From inside the corporations
For more than 20 years, I led strategic transformations at some of the most demanding technology and consumer companies on the market: HTC, LG Electronics, Hoya Vision Care and Alain Afflelou. From building global categories and brands to digitalising channels and managing organisational change, I learned to make business decisions in complex, multicultural environments under real pressure on results. And in every cycle I saw the same pattern: the decisions with the greatest impact on company value — talent, culture, reputation, proprietary knowledge — were the ones least measured; and those that were measured weren't managed.

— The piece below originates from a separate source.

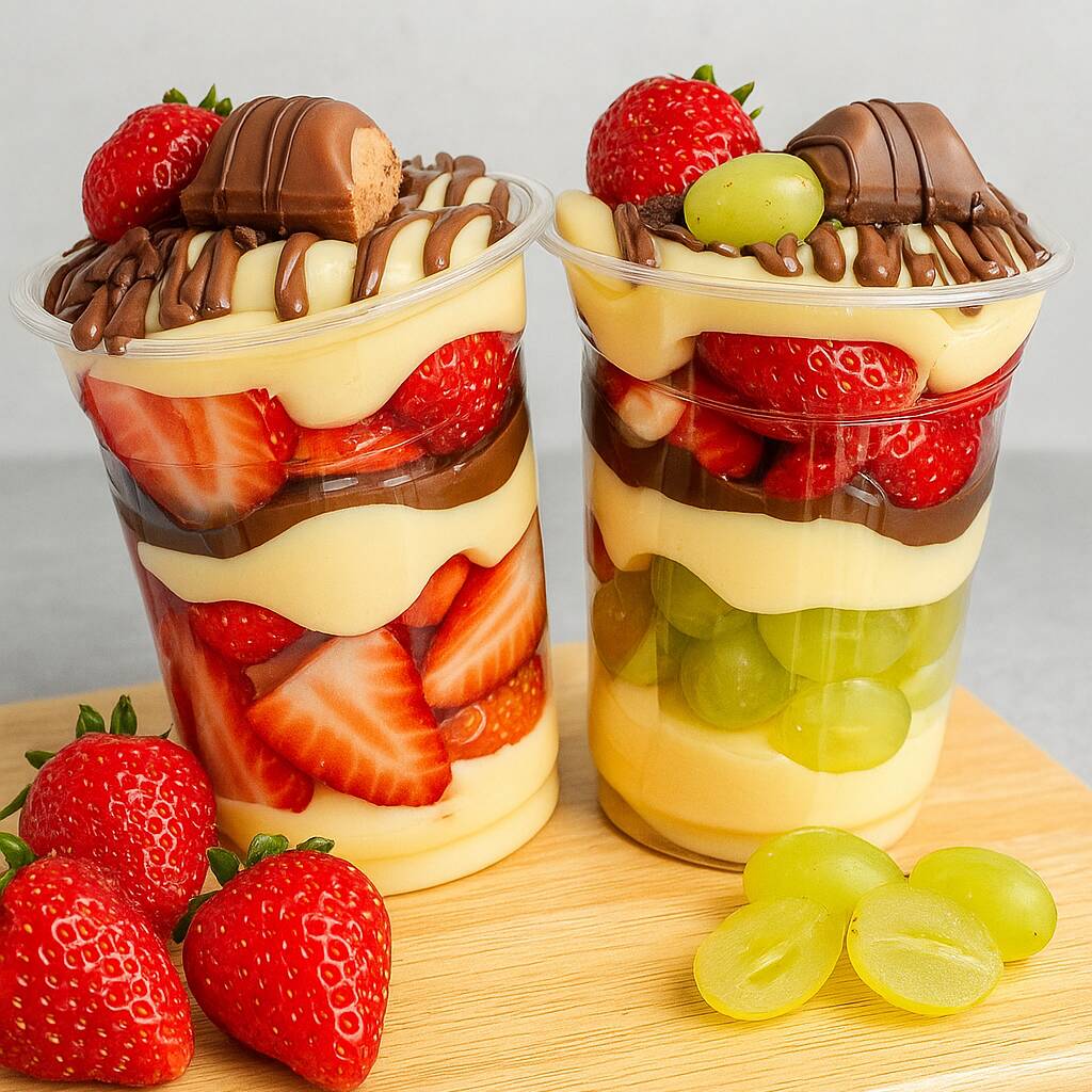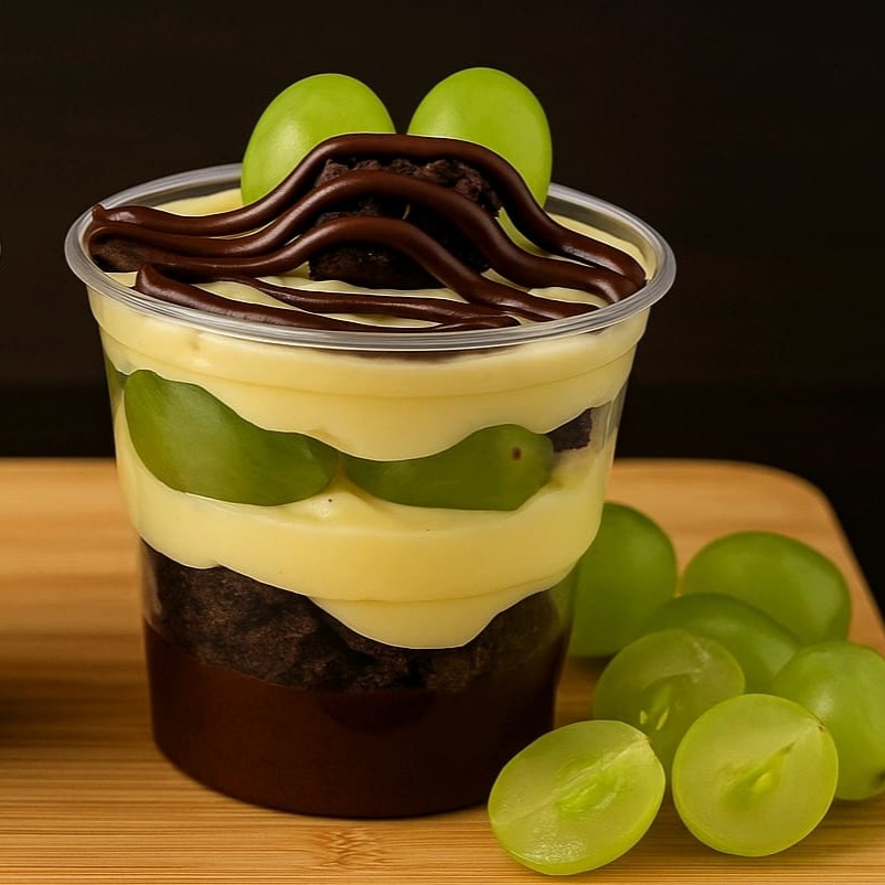 Surpresa de Uva – Leite Ninho & Brigadeiro Meio Amargo Uma combinação irresistível que une camadas cremosas de leite Ninho com o equilíbrio perfeito do brigadeiro meio amargo, realçado pela leveza e frescor das uvas verdes. Cada colherada é uma explosão de sabores e texturas que encantam o paladar, unindo a doçura delicada ao toque refinado do chocolate. Uma sobremesa sofisticada, preparada com capricho para transformar qualquer momento em uma experiência inesquecível.

The problem no one was solving
When it came time to defend those investments before a Board, the answer was always the same: "there isn't enough data." The finance team had no tools to calculate it, and the business teams lacked what they needed to govern it. The CEO sensed the value but couldn't argue it with rigour. And meanwhile, most of the company's real value stayed invisible on the balance sheet — treated as a soft cost rather than a strategic asset. That was the problem. And no one in the market was solving it with the financial rigour a board of directors demands.
Why I built IVALOR
I founded IVALOR Consulting to solve exactly that. Not as one more consultancy talking about intangibles in the abstract, but with a methodology of my own — IVALOR™ — and a technology platform with a deterministic valuation engine and dual validation, with a machine-learning layer ready* — the third lens activates with real data: each real case with historical performance data becomes proprietary evidence that sharpens the next estimates, building over time a proprietary reference model that no external benchmark can replicate. All of it designed to speak the language in which senior-leadership decisions are made: impact on the income statement. Today I work with leadership teams who want to govern what genuinely creates value in their organisations — and turn it into a competitive advantage that's measurable, defensible and scalable.
*Validation today is dual: a deterministic formula + a language model (LLM). The adaptive machine-learning layer is ready and constitutes the third lens, which activates once the ML model is trained and logged with real historical data.